# Overview

These are diffusion models and consistency models described in the paper [Consistency Models](https://arxiv.org/abs/2303.01469). We include the following models in this release:

 * EDM models on CIFAR-10.
 * Consistency models trained by consistency distillation (CD) with both l2 and LPIPS metrics on CIFAR-10.
 * Consistency models trained by consistency training (CT) with adaptive schedule and LPIPS on CIFAR-10.
 * Consistency models trained by continuous-time CD (with and without stop gradient, l1, l2, and LPIPS metrics) on CIFAR-10.
 * Consistency models trained by continuous-time CT (with both l2 and LPIPS metrics) on CIFAR-10.

# Datasets

The models that we are making available have been trained on [CIFAR-10](https://www.cs.toronto.edu/~kriz/cifar.html). This dataset was created in 2009 and has 60000 pictures classified into ten classes.
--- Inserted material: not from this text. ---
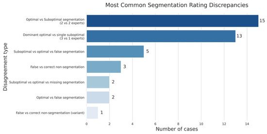 The results of the expert validation revealed significant discrepancies in the assessment of segmentation quality. Only in 55% of cases was there complete agreement among all experts, while in 45% of cases their opinions differed. The most frequent source of disagreement (28 out of 45 cases, or 62% of discrepancies) was the subjective boundary between optimal and suboptimal segmentation of nerve fibres.

These classes are airplane, automobile (but not truck or pickup truck), bird, cat, deer, dog, frog, horse, ship, and truck. Pictures in CIFAR-10 are of relatively low resolution (32x32) and do not contain humans.


# Performance

These models are intended to generate samples consistent with their training distributions.
This has been measured in terms of FID, and Inception Score. These metrics all rely on the representations of a [pre-trained Inception-V3 model](https://arxiv.org/abs/1512.00567), which was trained on ImageNet, and so is likely to focus more on the ImageNet classes (such as animals) than on other visual features (such as human faces).

# Intended Use

These models are intended to be used for research purposes only.
In particular, they can be used as a baseline for generative modeling research, or as a starting point for such research. These models are not intended to be commercially deployed. Additionally, they are not intended to be used to create propaganda or offensive imagery.

# Limitations

Minimizing LPIPS results in better sample quality, as evidenced by improved FID and Inception scores. However, this approach carries the risk of overestimating model performance, because LPIPS uses a VGG network pre-trained on ImageNet, while FID and Inception scores also rely on convolutional neural networks (the Inception network in particular) pre-trained on ImageNet.